Copy verbatim the block of lines in the entries below whose first line contains "BAGHLAN: Dead bodies" and whose last line contains "Vol. XXXIXI No.". Leave out all other lines.

TASK MATERIAL:
-- Opening Marker --
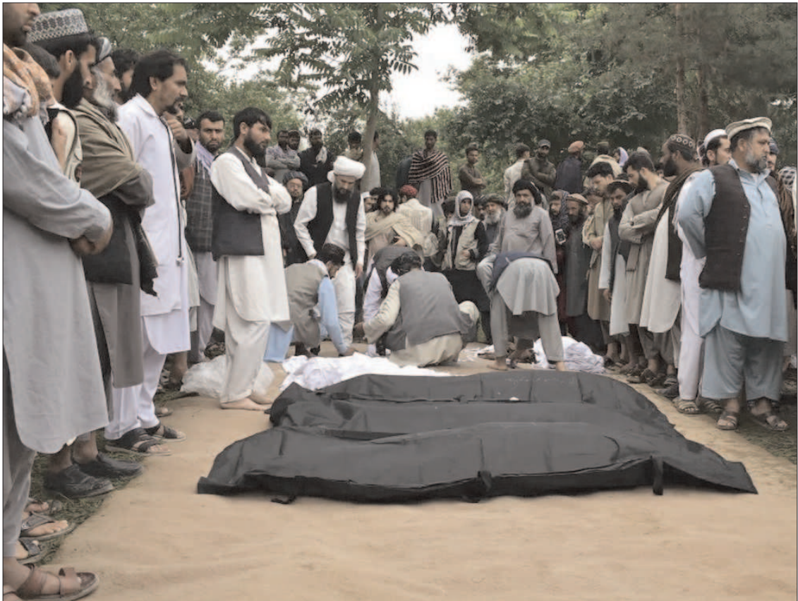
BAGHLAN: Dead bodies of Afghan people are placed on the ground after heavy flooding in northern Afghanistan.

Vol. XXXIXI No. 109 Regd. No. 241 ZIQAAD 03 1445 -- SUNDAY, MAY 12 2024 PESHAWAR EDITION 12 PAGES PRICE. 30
-- Closing Marker --
-- Opening Marker --
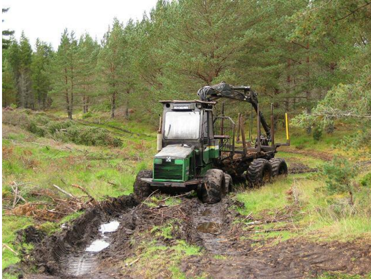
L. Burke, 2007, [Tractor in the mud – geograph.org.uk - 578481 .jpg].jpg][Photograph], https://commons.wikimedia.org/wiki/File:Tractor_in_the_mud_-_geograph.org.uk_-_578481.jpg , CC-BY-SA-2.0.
-- Closing Marker --
RESPONSE TO THIS TASK:
BAGHLAN: Dead bodies of Afghan people are placed on the ground after heavy flooding in northern Afghanistan.

Vol. XXXIXI No. 109 Regd. No. 241 ZIQAAD 03 1445 -- SUNDAY, MAY 12 2024 PESHAWAR EDITION 12 PAGES PRICE. 30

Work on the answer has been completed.